Have you tried using just a deodexed .602 in one of the slots and not just a backup of a stock rom. If not give that a shot. That\'s how I got it to work. I\'m using mobile sensei\'s deodexed .602. The one that hasent been debloted and still has all the blur. Only thing that\'s been done is deodexed.


----------



## runnirr (Aug 27, 2011)

Just for reference, I already posted this in the other thread about stock in BootManager.

I successfully restored a stock rooted Nandroid to a slot, but had to change the size of system in BootManager to 290 (default is 270) after that change, the Nandroid restore worked. Apparently it runs out of space otherwise. As always, ymmv.


----------



## cubsfan187 (Jul 17, 2011)

I tried that and it didn't work. I have been emailing with the dev's since yesterday and sending the logs to them, It seems that it will create the system.img OR the data.img. Not both. We're trying to find out why.


----------



## DrkDroid (Jun 22, 2011)

I bit the bullet.....got the app:.....bad idea.....anyone willing to help me get it going? I'm so frustrated right now I'm about to have a meltdown....LOL

Sent from my ADR6400L using Tapatalk


----------



## runnirr (Aug 27, 2011)

jcthemes said:


> I bit the bullet.....got the app:.....bad idea.....anyone willing to help me get it going?

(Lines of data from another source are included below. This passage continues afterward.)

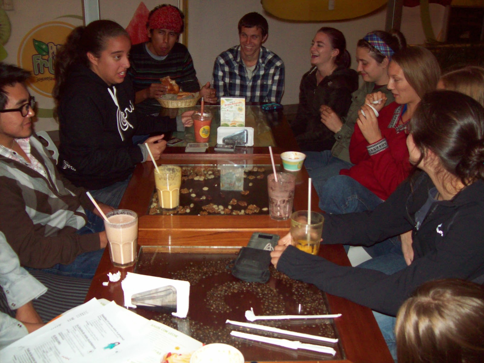 Here we are at Pura Fruta playing cards during the middle of finals week!!! Yay for no studying!!!!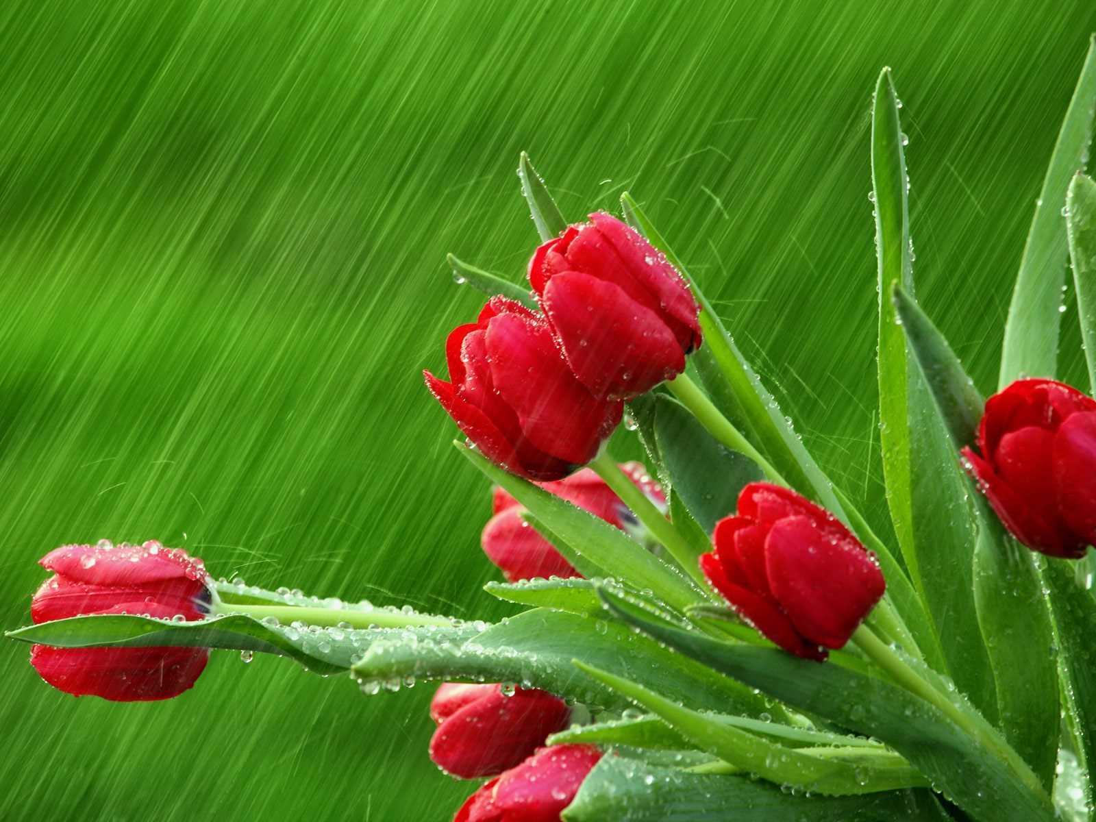 Вот эта картинка с красивыми цветами под дождем идеально подходит для рабочего стола вашего компьютера, слева мы имеем большую зеленую зону, где можно разместить множество иконок с папками, и программами.
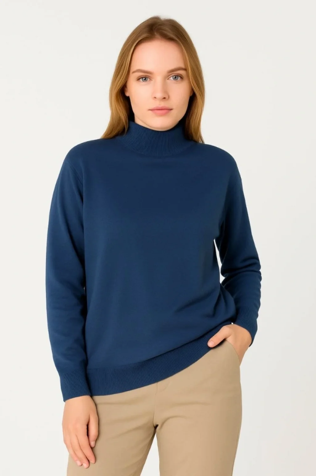 Yarım Boğaz Triko Kazak Yumuşak Dokulu Pamuklu Ince Dokuma, Uzun Kollu Rahat Regular Kalıp - Lacivert
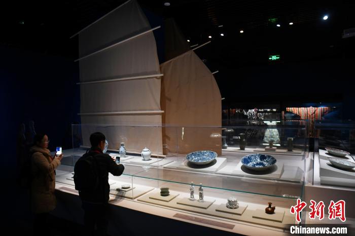 12月21日,“傳奇之旅:馬可·波羅與絲綢之路上的世界”展覽在四川博物院正式面向公眾開放。圖為觀眾參觀現場展出的中國元代青花瓷系列展品。 中新社記者 張浪 攝

I'm so frustrated right now I'm about to have a meltdown....LOL
> 
> Sent from my ADR6400L using Tapatalk


how far have you gotten? did you read through the instructions? I'll try to help where I can.

Whats your phone rom?


----------



## DrkDroid (Jun 22, 2011)

runnirr said:


> how far have you gotten? did you read through the instructions? I'll try to help where I can.
> 
> Whats your phone rom?


I'm running the newest miui, and everytime I try to set it as the phone rom there's an error that says to make sure its a 2nd init...

Sent from my DROIDX using Tapatalk


----------



## cubsfan187 (Jul 17, 2011)

I'm guessing that you have the newest su app too correct? Something about that app makes boot manager act strange until you turn off the logging portion in the settings. Then it should be ok. Try that and see if it works.


----------